I felt like my by-default sinful nature had ran rampant and no part of me was good. Anything after that 2015 point that I was naturally drawn to must be destroyed or silenced. My passion for the arts was on that list.

Okay wait Ash, what about praise dance?? Reenactments of Jesus’ life during Christmas?? Poetry about the Lord??  

Calm down people let me finish my post (haha).

I was not involved in any of that. I did mostly hip hop dance, some african here and there, and made a point to learn other styles. And I danced to some very raunchy music, but my argument was that I just enjoyed the beat.

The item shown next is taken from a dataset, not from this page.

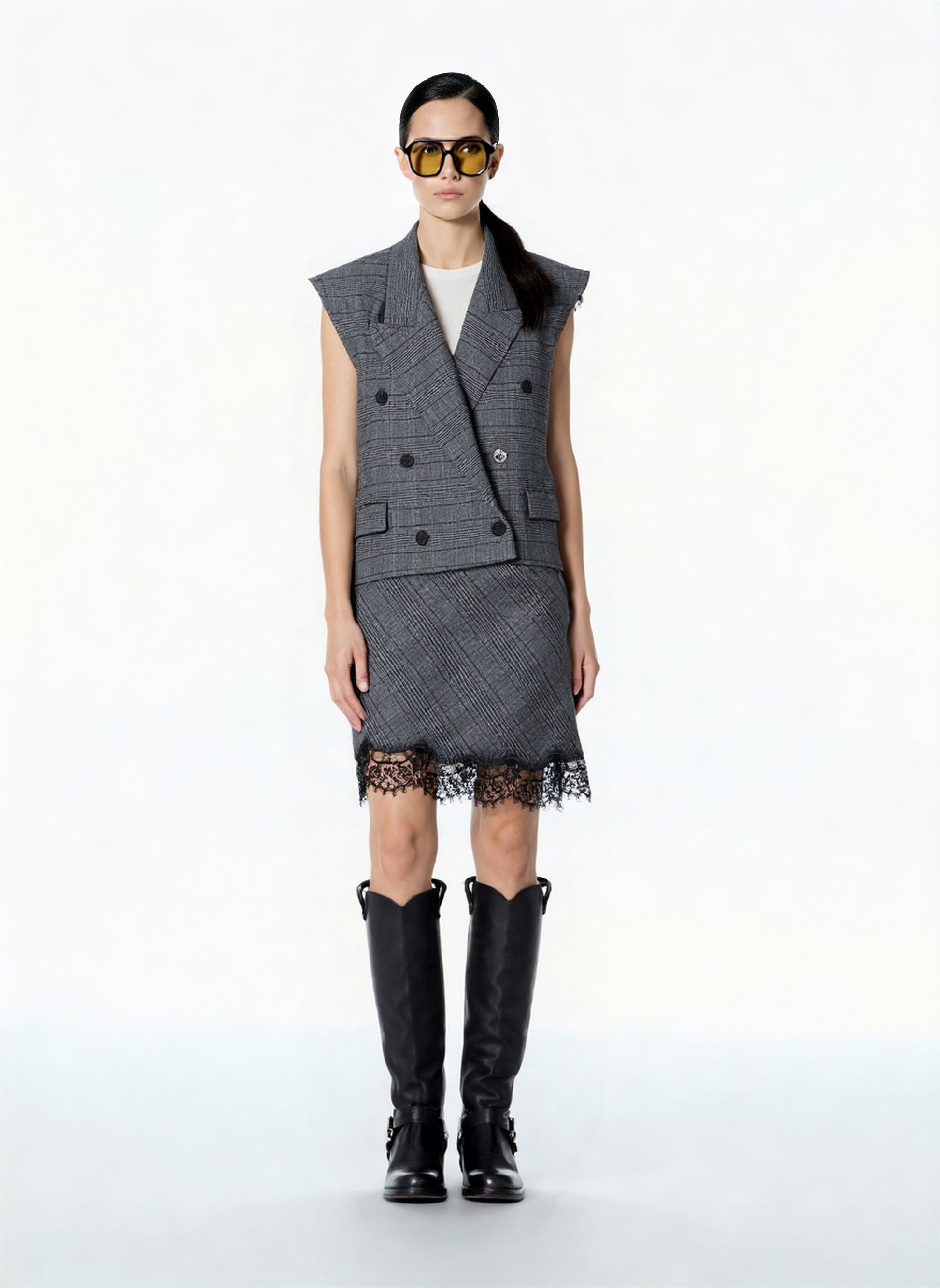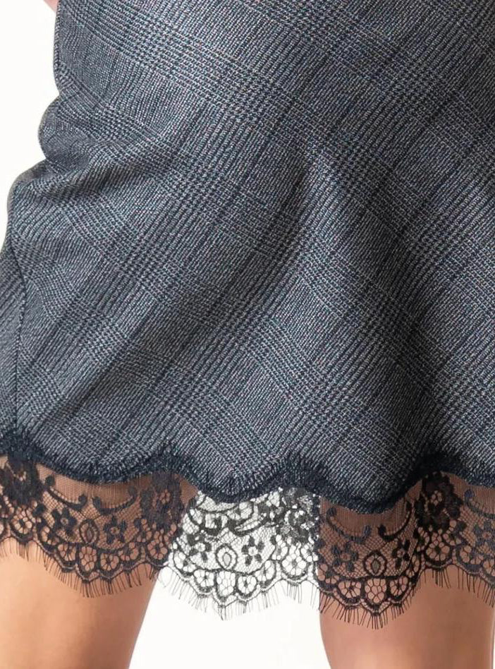 Minigonna in tessuto principe di galles con pizzo ed elastico in vita.

It wasn’t just dance I turned my face away from, but any form of expression that did not outwardly say “Jesus is Lord, You are my universe”, I could NOT get with AT ALL. I stopped going to plays. I stopped watching movies. I stopped watching Spongebob LOL. I stopped listening to music, but the same 10 songs on repeat. Hopefully you’re getting the picture of how drastic of measures I was taking.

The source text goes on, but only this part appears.